When a user opens chrome out of local.exe, it runs the command
C:\Windows\System32\WindowsPowerShell\v1.0\powershell -NoProfile -NonInteractive –ExecutionPolicy Bypass -EncodedCommand [REDACTED BASE64] that decodes to
"" -ArgumentList ""http://[REDACTED INTERNAL DOMAIN]
"" which appears to be suspicious behavior to AV software.
Is it possible to configure whether the command is encoded when powershell runs it, since it causes antivirus software to treat the executible with suspicion.
- Does this happen for all sites in Local, or just one in particular?
As far as I can tell it happens when a user views any local site
Click the “Open Site” button that opens a site that you are working on.
Sorry I don’t have an answer to your specific question, but I do want to help if possible. Are you unable to open any Local sites due to this? Or getting any other errors or warnings while developing?
Within your machine are you able to do any allowing for Local within security or antivirus checkers to help out?
Keep us posted and we’d be happy to help further!
My users aren’t experiencing any problems, it’s that it keeps setting off antivirus alarms, which adds to the noise of our AV environment.
I know nothing about Local so if there’s anything you need just treat me like a 5 year old and I can run down the requested info.
Is there any way within your AV environment to flag this as a false positive or add an allowance for the app?
Yeah I can, my hope though is that this could be addressed upstream, to avoid repeat work from each of your customers who also run enterprise AV.
I will raise this up with the Local Devs to see if it’s feasible, but I’m glad to hear you at least have a workaround for the time being!
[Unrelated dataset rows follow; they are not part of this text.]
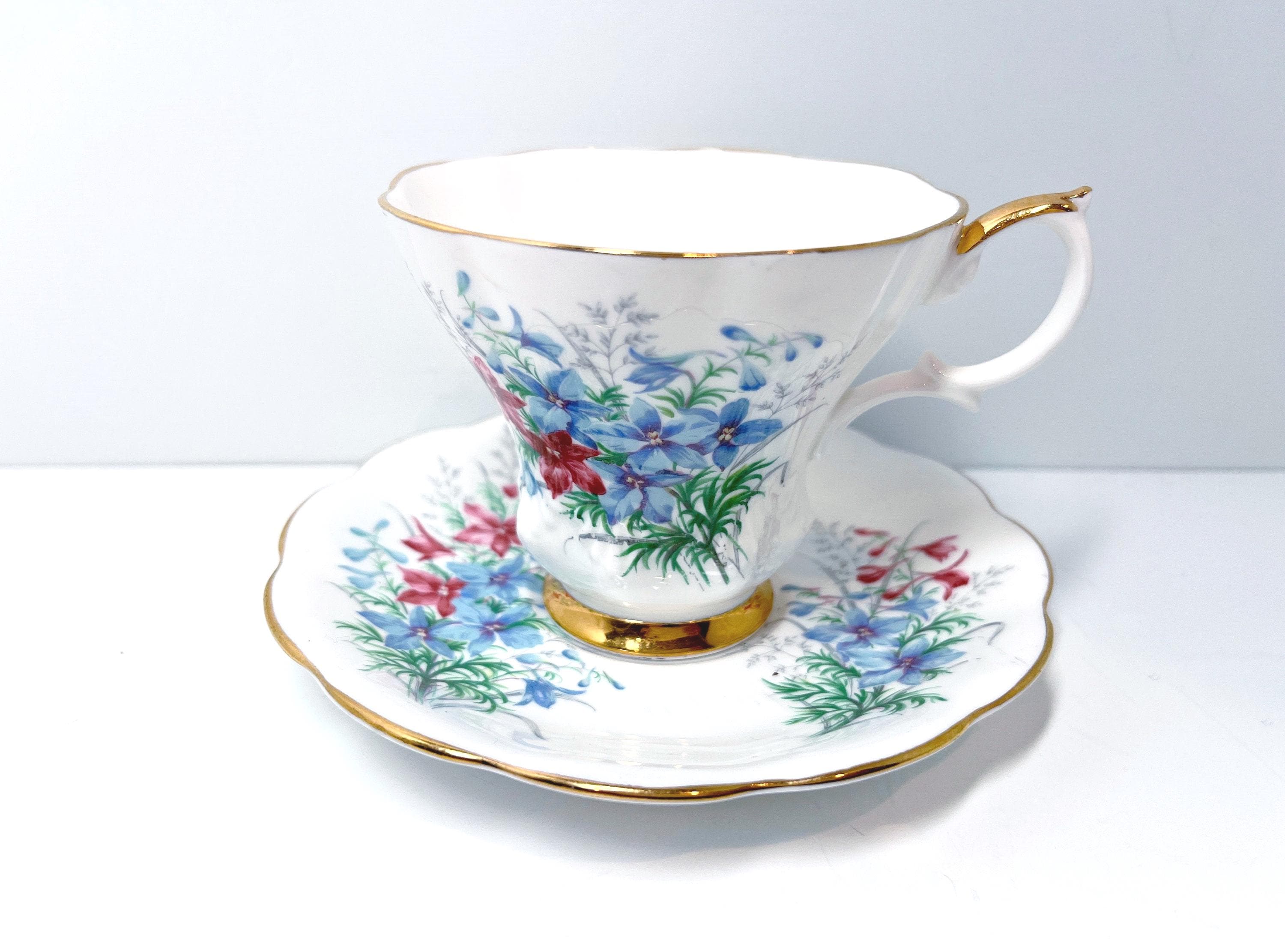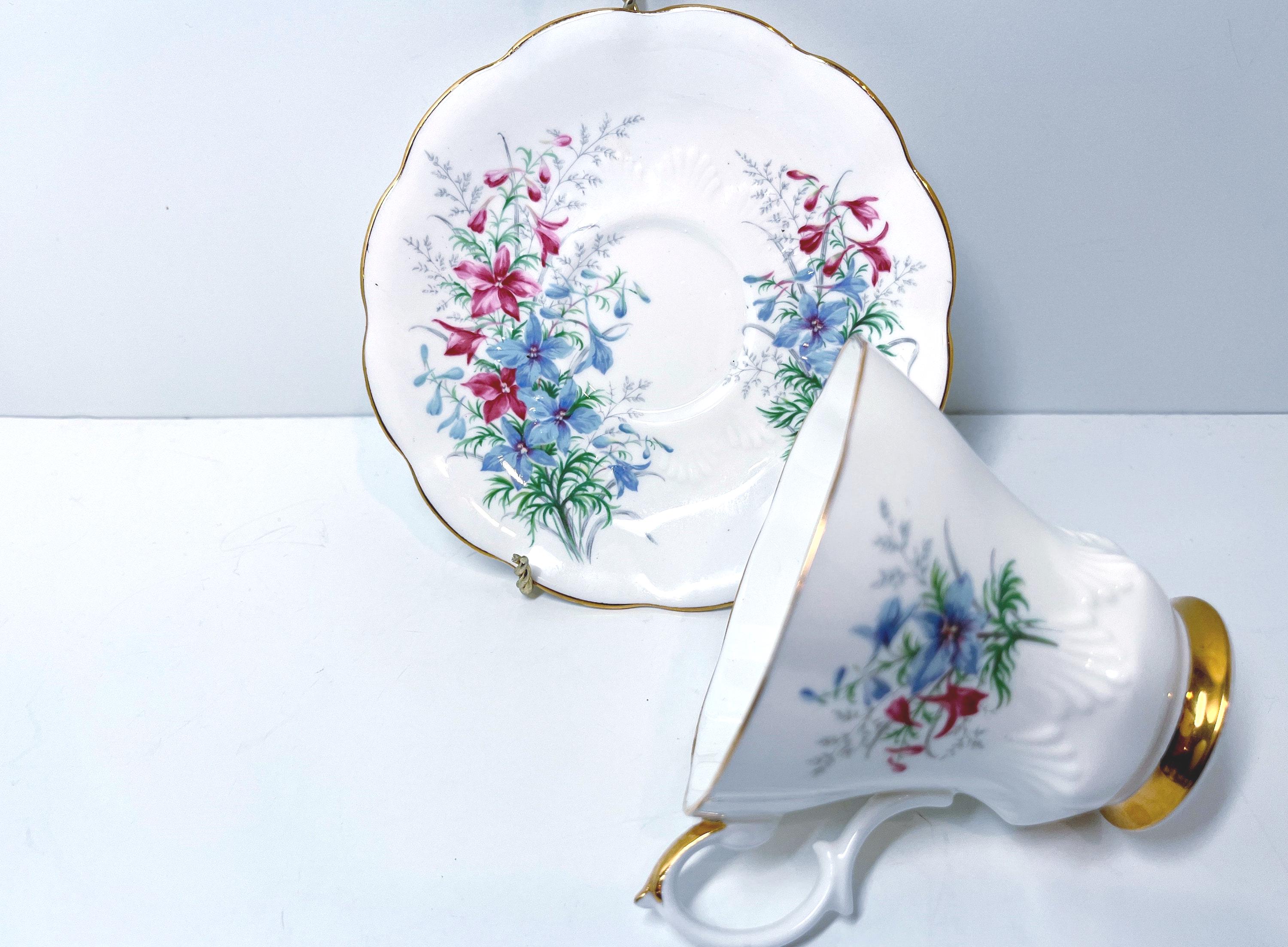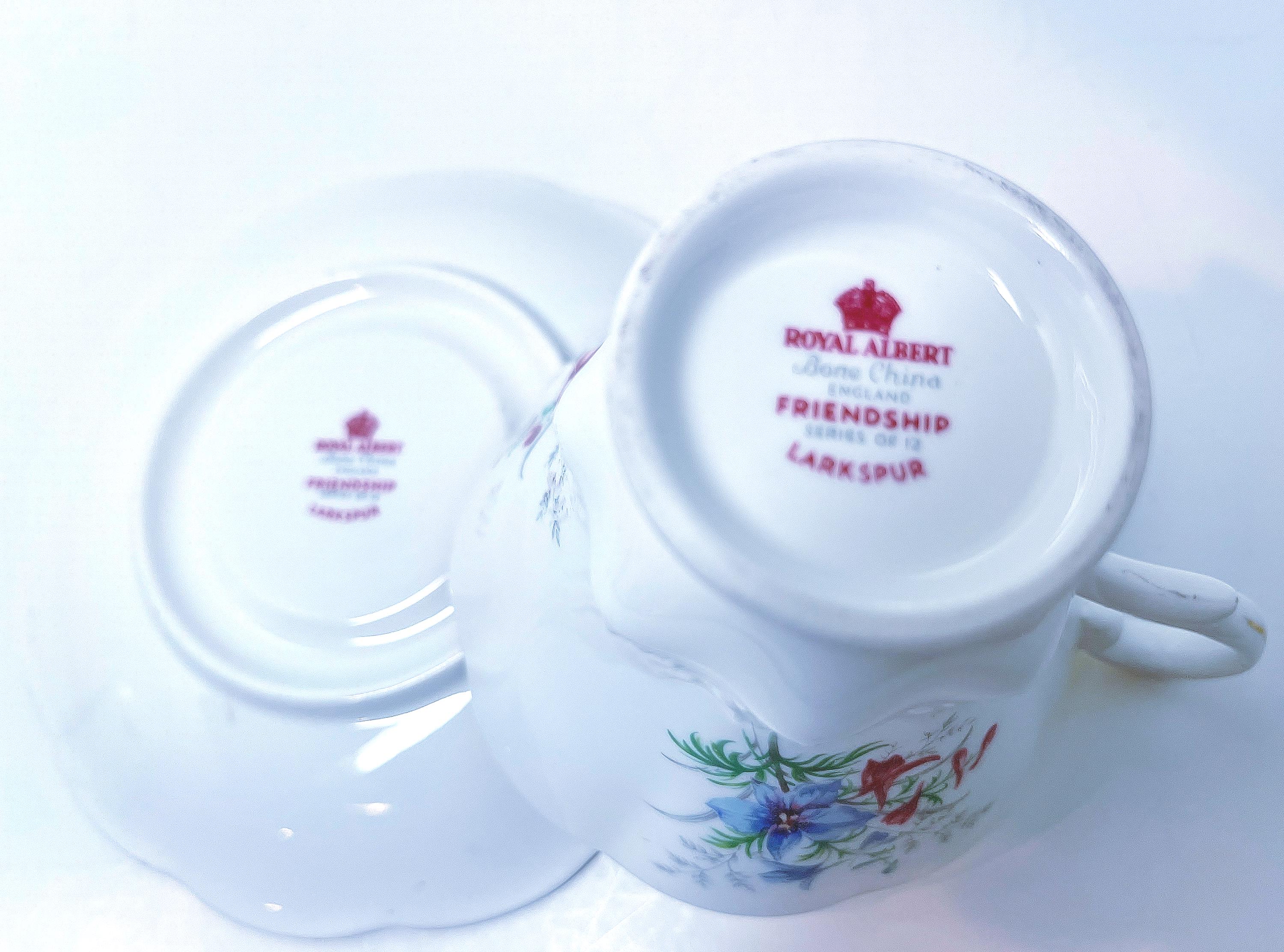 Royal Albert proudly introduced their Friendship series in the 1950s. It flourished until the 1970s. There were twelve blossoms in the issue. This is Larkspur and it is on the Lyric shaped teacup and saucer. The bouquets have a delicate air with fresh green leaves. The bone china has a soft fan design in it and both pieces have gentle curves which create a scalloped rim and saucer edge.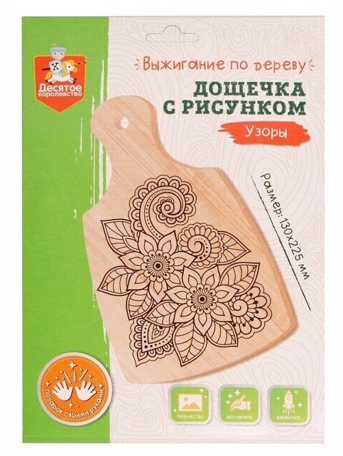 Отзывы на Разделочная доска для выжигания "Узоры", деревянная заготовка для детского творчества, картинка-трафарет с нанесенным рисунком, 130x225 мм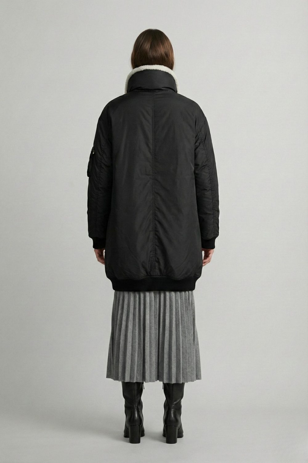 ミドル丈でありながら、リブ仕上げの裾と袖口がMA-1らしい無骨さを演出。ゆったりとしたオーバーサイズでありながら、モダンでクリーンな印象を保っています。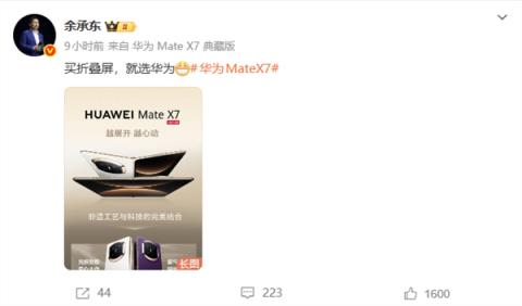 MateX7全系首发麒麟9030Pro!余承东:买折叠屏就选华为 发布时间:2025-11-26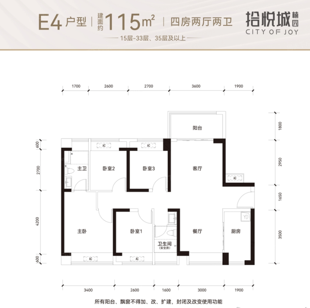 E4户型(115㎡四居): 多代同堂家庭的优选。双套房设计满足老人与年轻夫妇的居住独立性,约6.2米景观阳台与客餐厅形成LDK一体化布局,增强家庭互动。书房可根据需求改造为儿童活动室或工作室。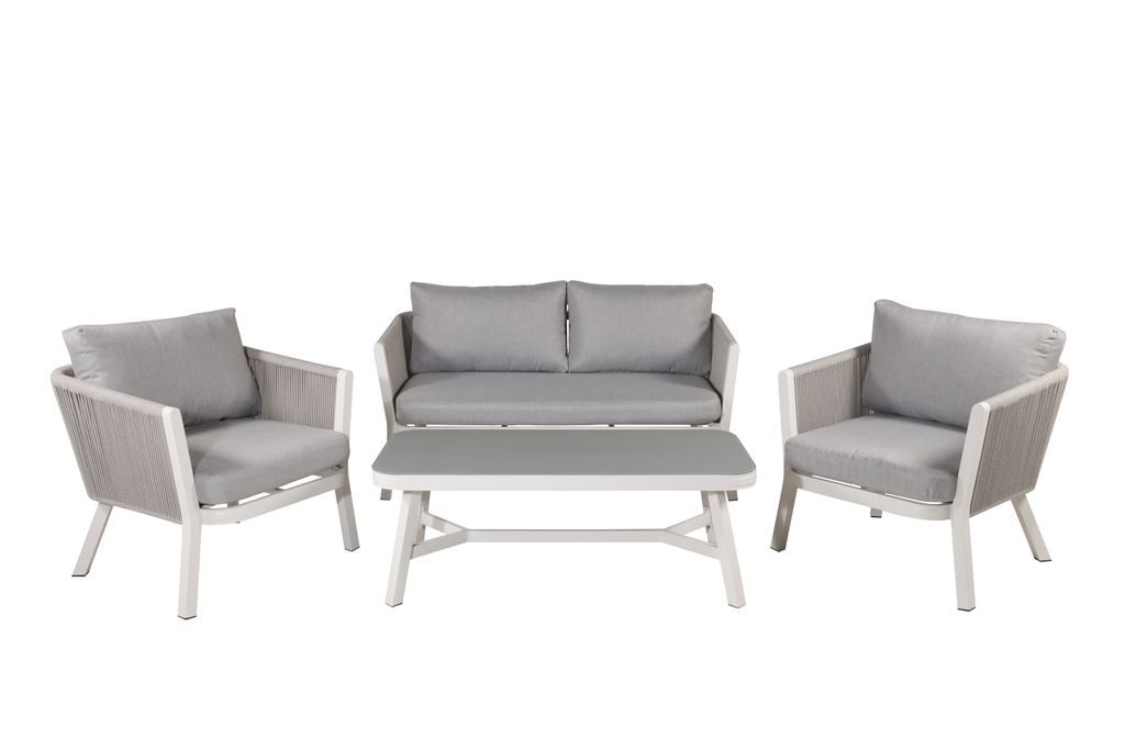 Elegant vit aluminium soffgrupp med grå dynor och glasbord, plats för 4 personer.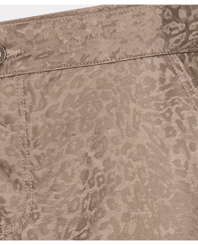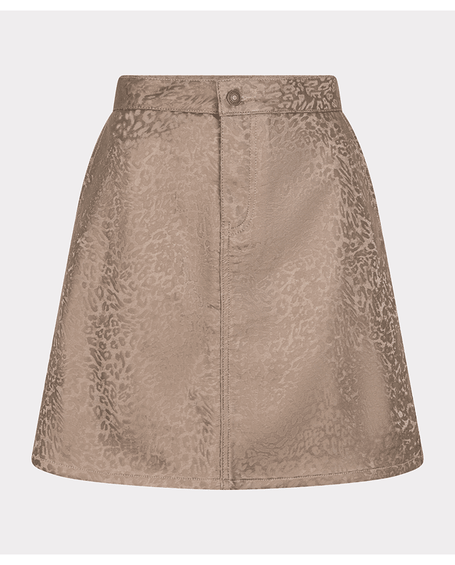 De combinatie van metallic glans en subtiele dierenprint geeft deze rok een krachtige, vrouwelijke uitstraling.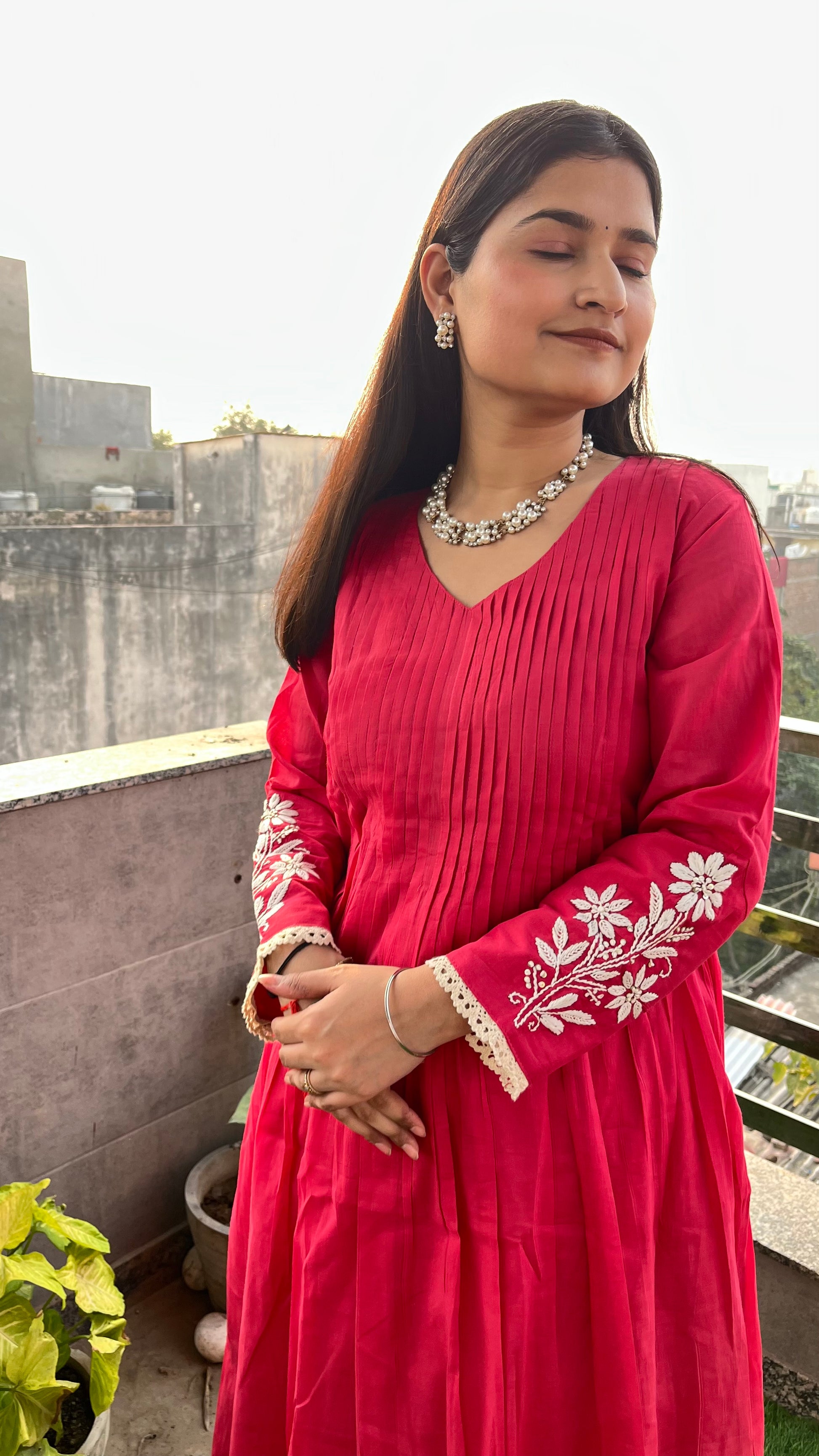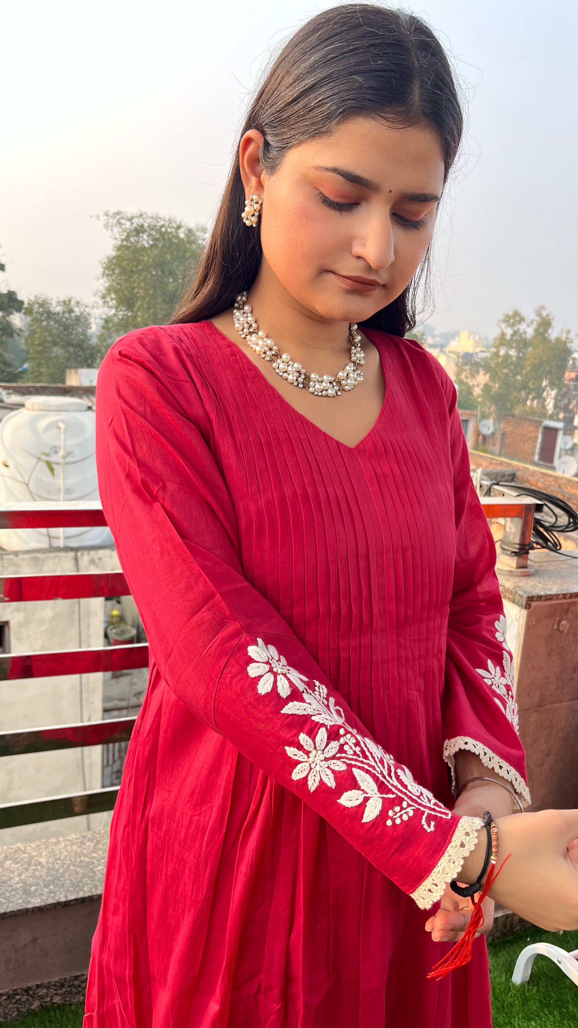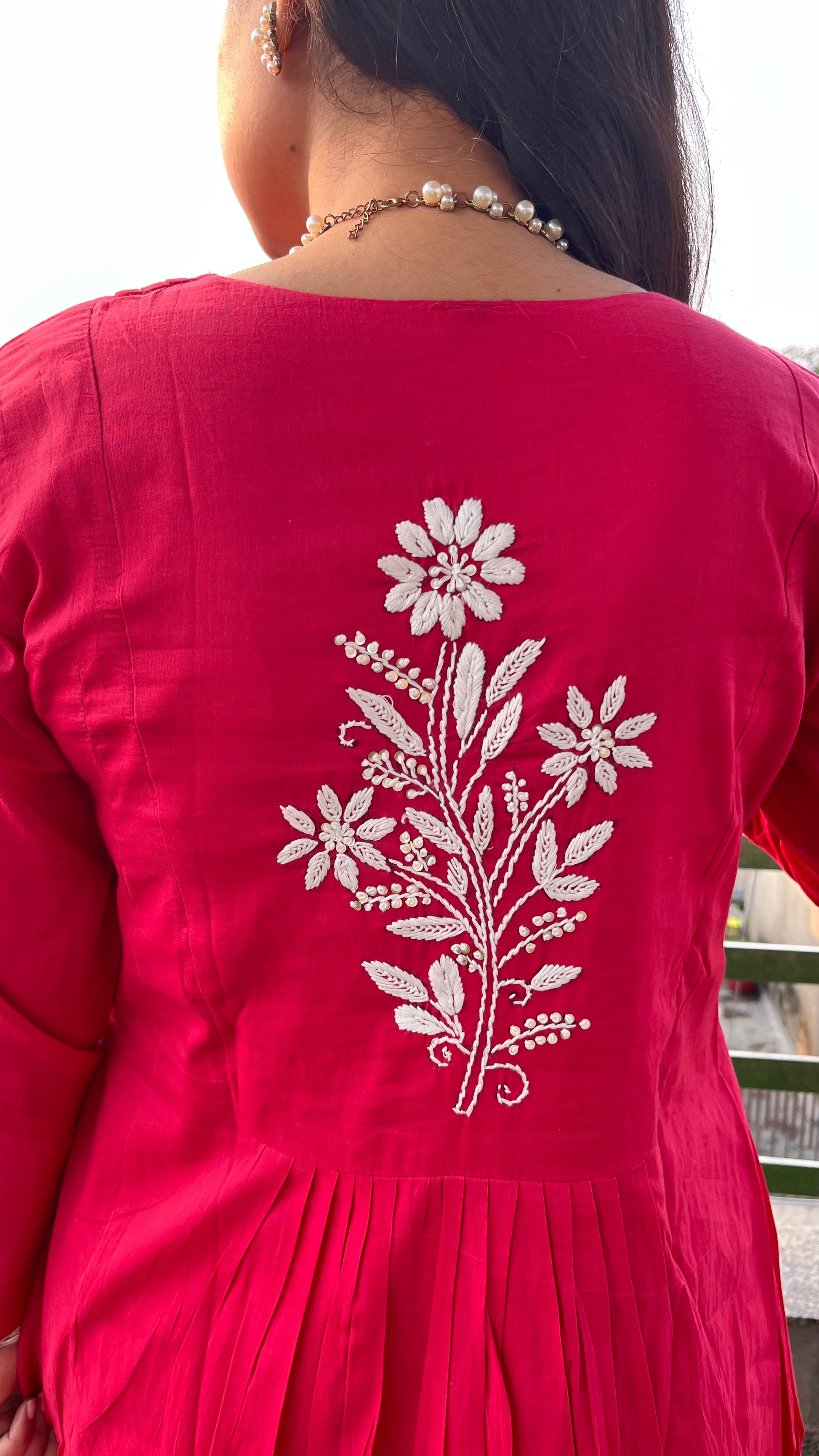 - The V-neck kurta showcases exquisite hand-embroidered Chikankari work on the sleeves and back, complemented by delicate lace detailing around the cuffs.

Thanks. If there’s a valid purpose that’s not a problem, our processes require that we document the reason for the exception so we’d just need to know why it’s doing it that way.
I’ve raised this with our Dev team, and the short answer is that the command is generated by an upstream library, and barring any changes to the library we likely wouldn’t add an option to change it within Local. Not to say that it may not see a change in the future, but right now it wouldn’t have any priority or ETA.
This topic was automatically closed 90 days after the last reply. New replies are no longer allowed.